BMW Group Unveils 16 Premiere Models at Beijing Auto Show
Meanwhile, high-end Chinese NEV brands such as AITO, NIO, Xiaomi, and Zeekr have emerged powerfully. These domestic automakers boast inherent localization and intelligent advantages in the NEV sector, redefining luxury standards through intelligent cockpits, advanced autonomous driving, and spacious vehicle designs. As the weight of intelligent experience continues to rise in consumers' car purchasing decisions, joint-venture/foreign brands have seen part of their market share diverted.
All in all, Chinese brands, leveraging economies of scale and vertically integrated supply chains, have seized pricing power for NEVs in the local market, further squeezing the living space of traditional joint-venture brands.
03. Conclusion: Joint-Venture Brands Are Accelerating Their Transformation
Amid fierce competition in the Chinese market, joint-venture/foreign brands are actively pursuing strategic changes.

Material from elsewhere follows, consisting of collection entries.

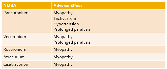 Pancuronium, Vecuronium, Rocuronium, Atracurium, and Cisatracurium all cause myopathy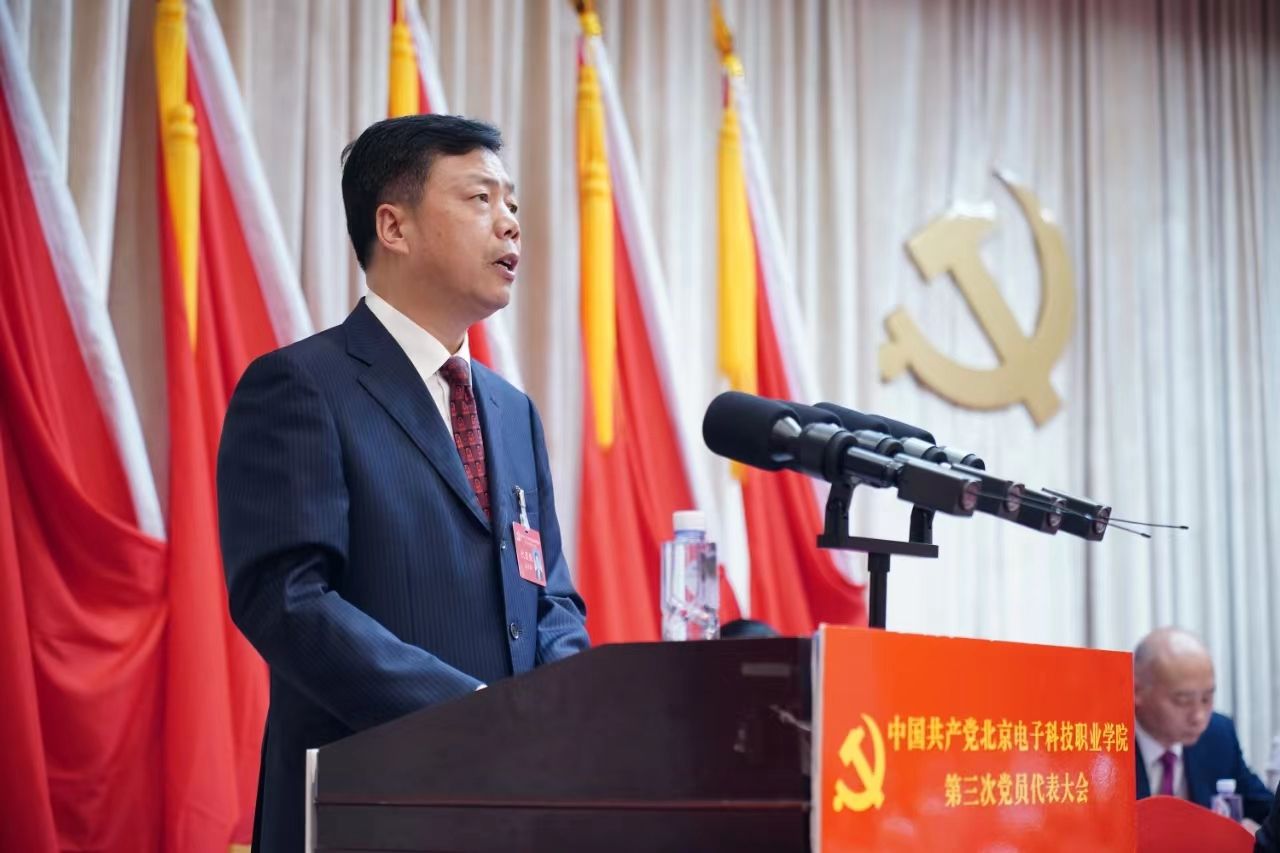 2023年7月1日,恰逢党的102岁生日,中国共产党北京电子科技职业学院第三次党员代表大会隆重开幕。这是在开启全面建设社会主义现代化国家新征程、在职业教育进入高质量发展新阶段、在学校事业发展掀开新篇章的新形势下召开的一次重要大会。大会主题为:高举中国特色社会主义伟大旗帜,以习近平新时代中国特色社会主义思想为指导,全面贯彻党的二十大精神和北京市第十三次党代会精神,认真落实立德树人根本任务,主动融入和服务首都发展大局,为建设首善标准、中国特色、世界一流高水平技能型大学而团结奋斗!全体党代表将带着全校党员和师生员工的嘱托,履行神圣使命,围绕这一主题共商学校事业发展和党的建设大计。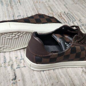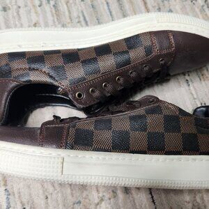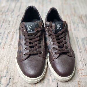 Louis Vuitton Designer Brown Sneaker Size 9. Key features include brown leather with checkered design and the "LV" logo on the tongue, low-top laced up sneakers, rubber outsoles, and stitched to perfection. This pre-owned shoe will give you luxury fashion without the high price.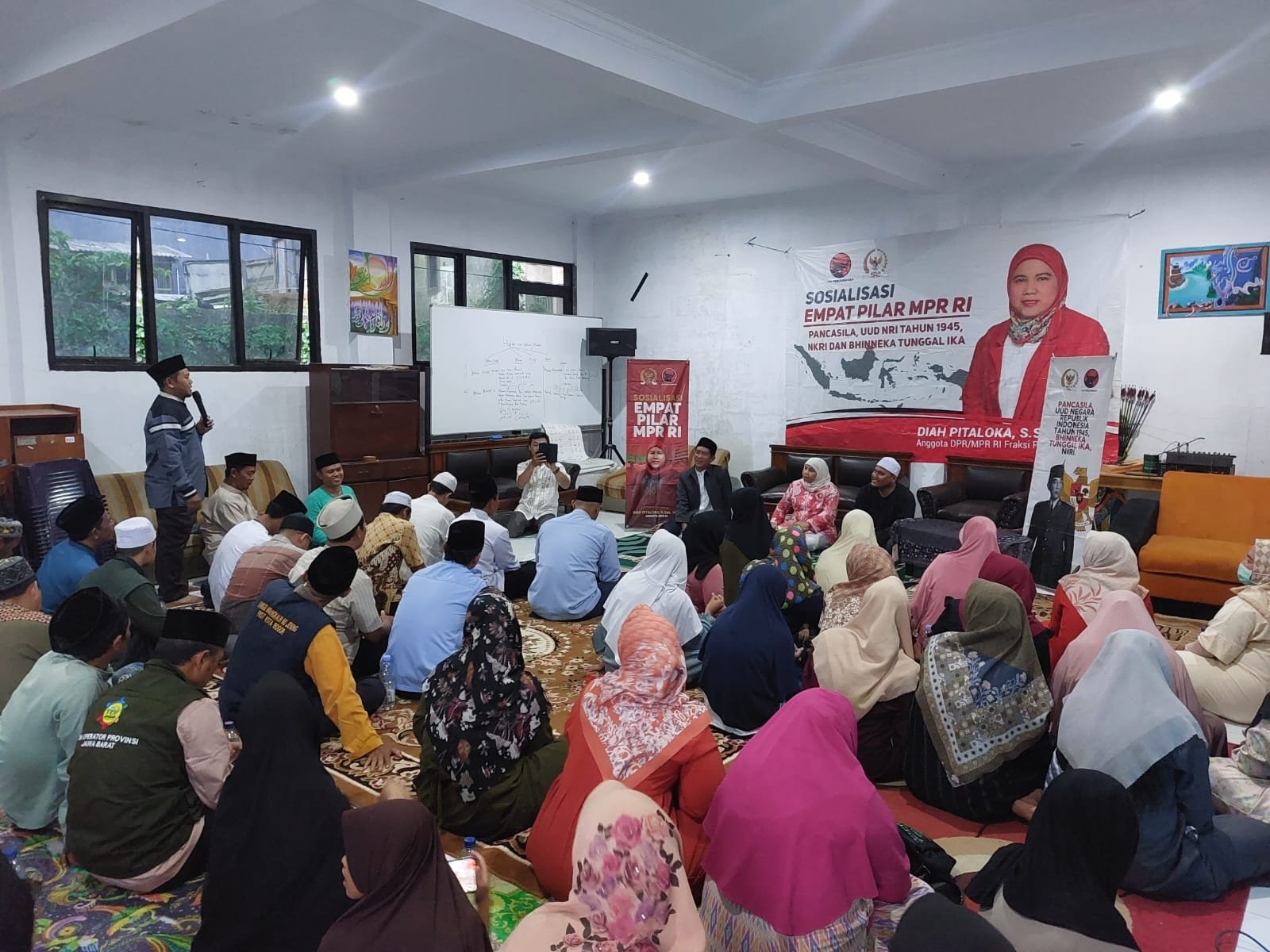 BOGOR, Harnas.id – MPR RI terus berupaya mensosialisasikan Empat Pilar kehidupan bermasyarakat, yaitu Pancasila, UUD tahun 1945, NKRI, dan Bhineka Tunggal Ika. Dalam upaya ini, Diah Pitaloka, Anggota DPR/MPR RI Fraksi PDI Perjuangan dapil Jabar III (Kota Bogor dan Kabupaten Cianjur), kembali melakukan sosialisasi Empat Pilar MPR RI di Pondok Pesantren Tahfidz Madrasah Diniah Al Haromain, Jalan Pelita Jaya Kelurahan Kedung Jaya Kecamatan Tanah Sareal Kota Bogor pada Jum’at, 21 Juli 2023.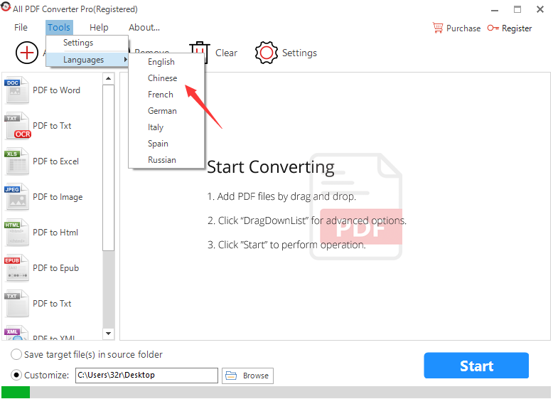 All PDF Converter(全能PDF转换器)pro怎么设置中文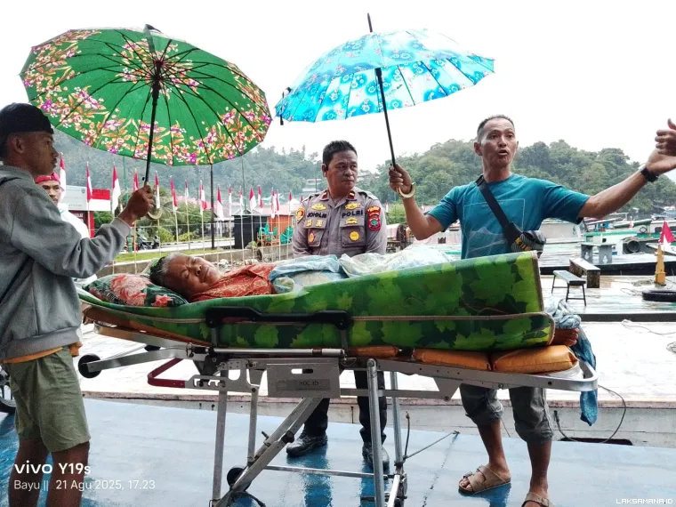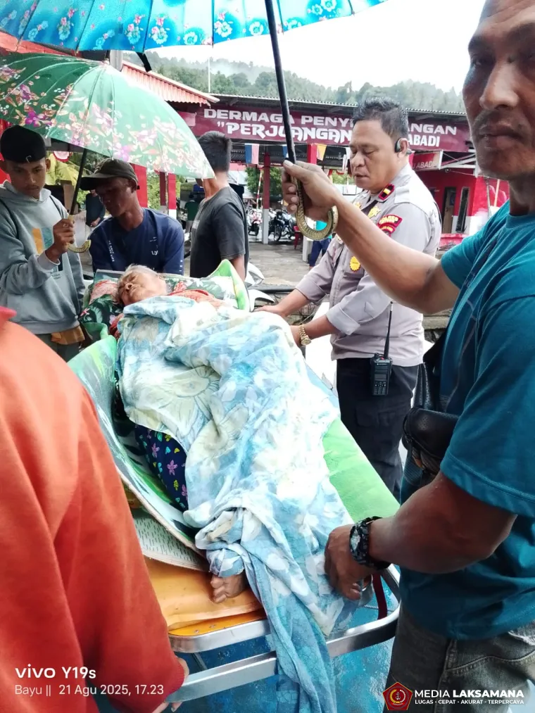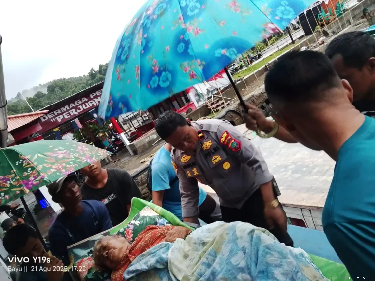 Kapolsek Lembeh Selatan, IPDA John Marisi, SH, menunjukkan aksi kemanusiaan saat membantu evakuasi seorang lansia perempuan berusia 80 tahun lebih yang sakit di Kelurahan Lirang, Kecamatan Lembeh Utara. Kamis (21/8/2025)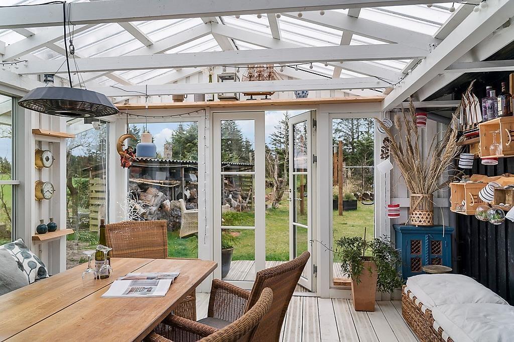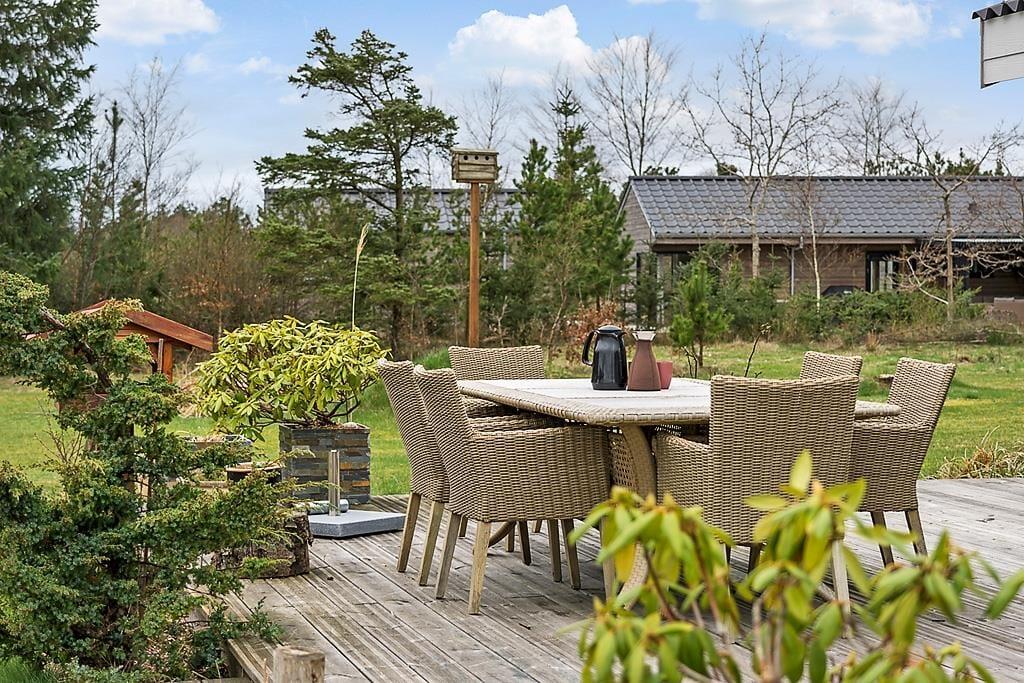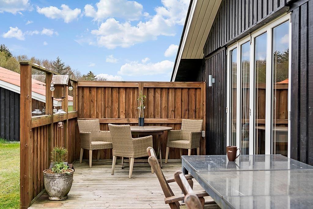 Sommerhusets store terrasse er et perfekt sted at tilbringe tid sammen med familie og venner. Her kan du sidde i solen og nyde den friske luft, eller trække dig tilbage til skyggen, hvis du foretrækker det. Den dejlige grund rundt om huset giver både plads til leg og afslapning, og det er let at finde en stille plet til at slappe af i. Om aftenen kan du tænde grillen og nyde et lækkert måltid udendørs, mens du ser solen gå ned. Den hyggelige udestue er et ekstra plus, når du ønsker at tilbringe tid udenfor på en lidt køligere dag.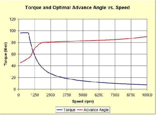 這幅圖中可以提取每個轉(zhuǎn)速下優(yōu)化超前角的峰值轉(zhuǎn)矩。當電機超過恒轉(zhuǎn)矩區(qū)域(大概875轉(zhuǎn)/分)后,弱磁的優(yōu)勢突顯出來。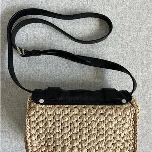 Stylish woven crossbody bag with black leather accents. Perfect for any occasion.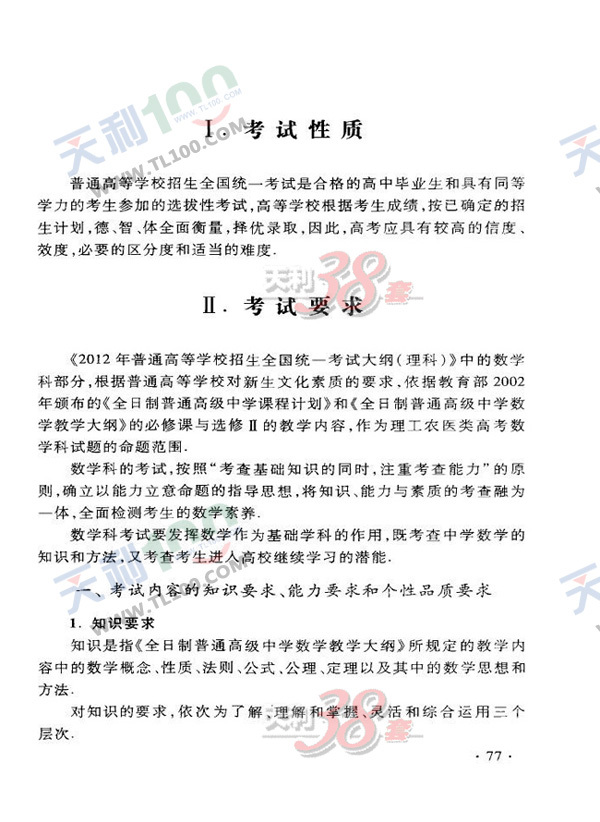 近日,教育部考試中心編寫的《2012年普通高等學校招生全國統(tǒng)一考試大綱》(以下簡稱《大綱》)出爐,詳細介紹了今年高考各學科的考試范圍、命題思想、試卷結(jié)構(gòu)等,并提供示范題型。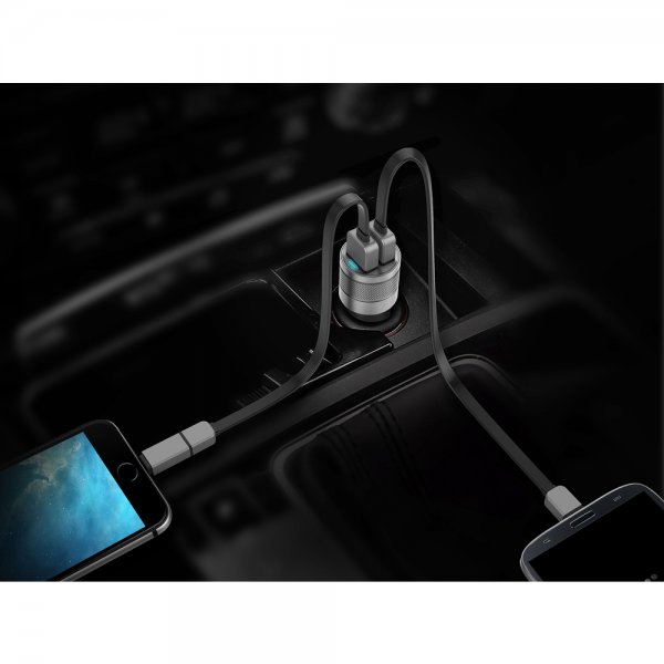 Moderní duální 4,8A nabíječka do auta s inteligentní identifikací výstupu na každém portu USB. Nabíječka je vhodná pro smartphony a tablety, a dokáže nabíjet dvě zařízení současně. Z důvodu maximální bezpečnosti má tato rychlá nabíječka teplotní ochranu, ochranu proti zkratu, ochranu proti vstupnímu přepětí a ochranu výstupu před nadproudem.

Many of these brands have converged on two adjustment paths: on one hand, they are optimizing production capacity and streamlining organizational structures to improve operational efficiency; on the other hand, they are accelerating the launch of NEV models tailored specifically for the Chinese market, striving to adapt to new consumer demands through localized supply chains and faster product iteration.
Judging from their H1 2026 sales performance, joint-venture brands as a whole are still in a critical phase of transformation. Facing the strong rise of domestic Chinese brands, the joint-venture camp is undoubtedly under considerable pressure. However, given China's vast market capacity and diverse consumer needs, there still exists room for differentiated competition.
Looking ahead, whether foreign brands can truly align themselves with China's electrification and intelligent industrial rhythm will determine if they can hold their ground in the new round of competition. Time is precious for all players, and the market will ultimately reward those enterprises that genuinely understand Chinese consumers.